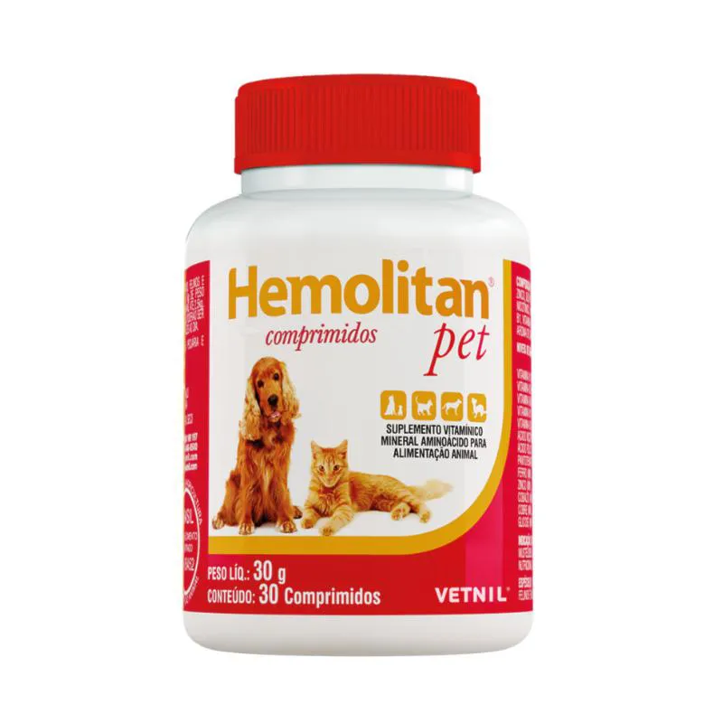 Suplemento Vitamínico Vetnil Hemolitan Pet para Cachorros e Gatos 30 Comprimidos
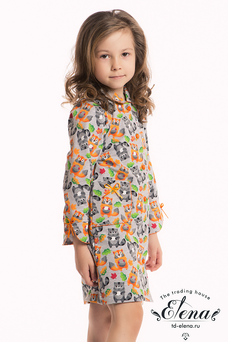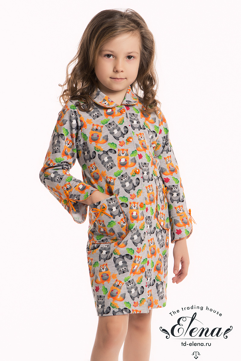 Халат для девочки выполнен из хлопкового полотна с начёсом. Горловина оформлена воротником, центральная застёжка на пуговицы. Рукава и карманы халата украшены бантиками.
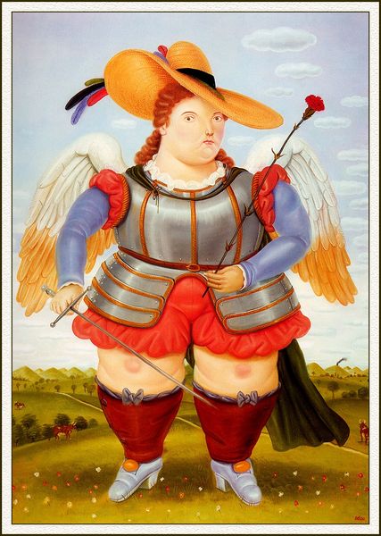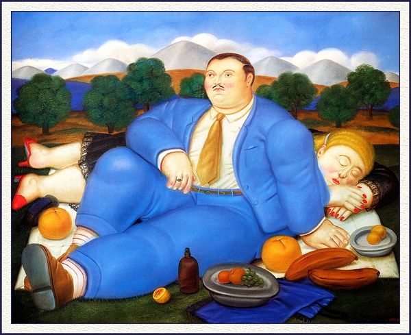 This is Fernando Botero's 'Tour of the Volcano,' and it looks like it was made with oil on canvas. The first thing I see is how Botero is using a limited palette to create a whole world. Look closely at the paint itself. It's smooth, almost like skin, which makes the figures feel both present and a little unreal. Botero’s trick is to make figures that are monumental, but also kind of soft, like they could deflate if you poked them! The tiny red shoes and delicate flowers feel like a humorous contrast to the imposing figure. I'm reminded of other artists who play with form and volume, like Gaston Lachaise or even Philip Guston, who knew how to make seriousness and humor dance together. It’s a reminder that art isn’t always about answers, but about keeping the conversation going.
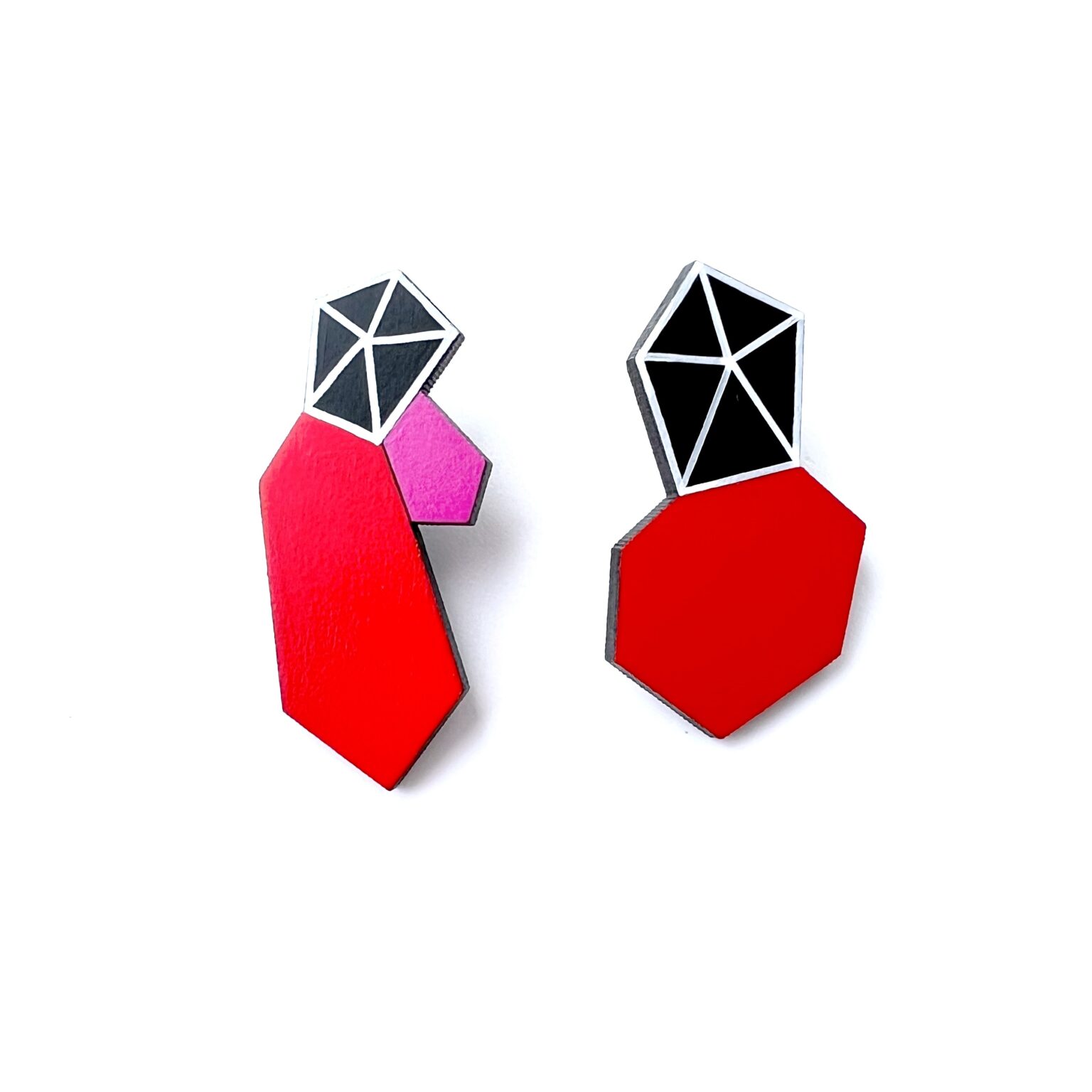 NADA puidust kõrvarõngad Geomeetria - Punane/Must/Valge/Fuksia
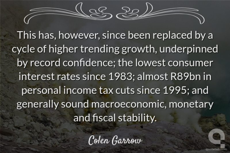 This has, however, since been replaced by a cycle of higher trending growth, underpinned by record confidence; the lowest consumer interest rates since 1983; almost R89bn in personal income tax cuts since 1995; and generally sound macroeconomic, monetary and fiscal stability.
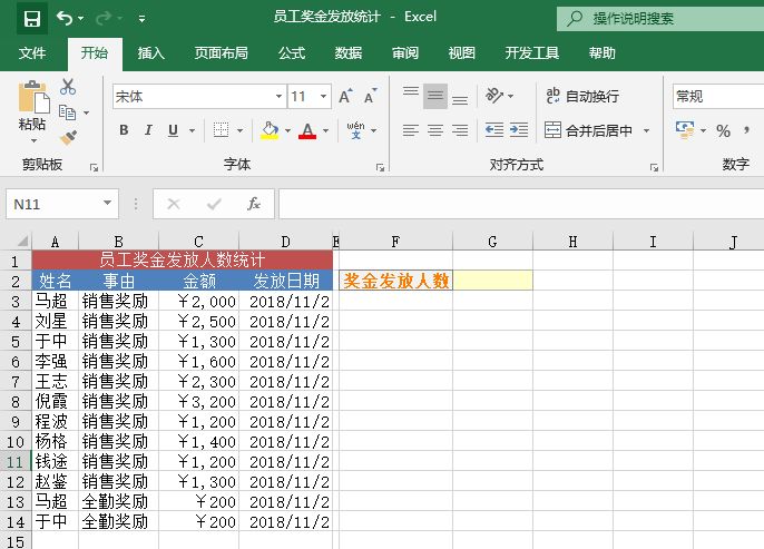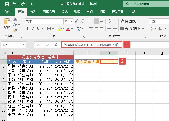 以上公式先利用COUNTIF函数返回单元格区域内某记录出现的次数的数组,取倒数,然后求和。如果姓名不重复出现,则得到1,如果重复出现2次,则得到1/2,求和之后仍然是1,这样可以实现不重复统计。经过以上操作,即实现了奖金发放人数的统计。

* * * * * * *

# [Required action]
Retype precisely, and only, the lines from the one holding "This has, however, since" through the final line of the data above, with the pictures omitted.

# [Solution to the exercise]
 This has, however, since been replaced by a cycle of higher trending growth, underpinned by record confidence; the lowest consumer interest rates since 1983; almost R89bn in personal income tax cuts since 1995; and generally sound macroeconomic, monetary and fiscal stability.
 以上公式先利用COUNTIF函数返回单元格区域内某记录出现的次数的数组,取倒数,然后求和。如果姓名不重复出现,则得到1,如果重复出现2次,则得到1/2,求和之后仍然是1,这样可以实现不重复统计。经过以上操作,即实现了奖金发放人数的统计。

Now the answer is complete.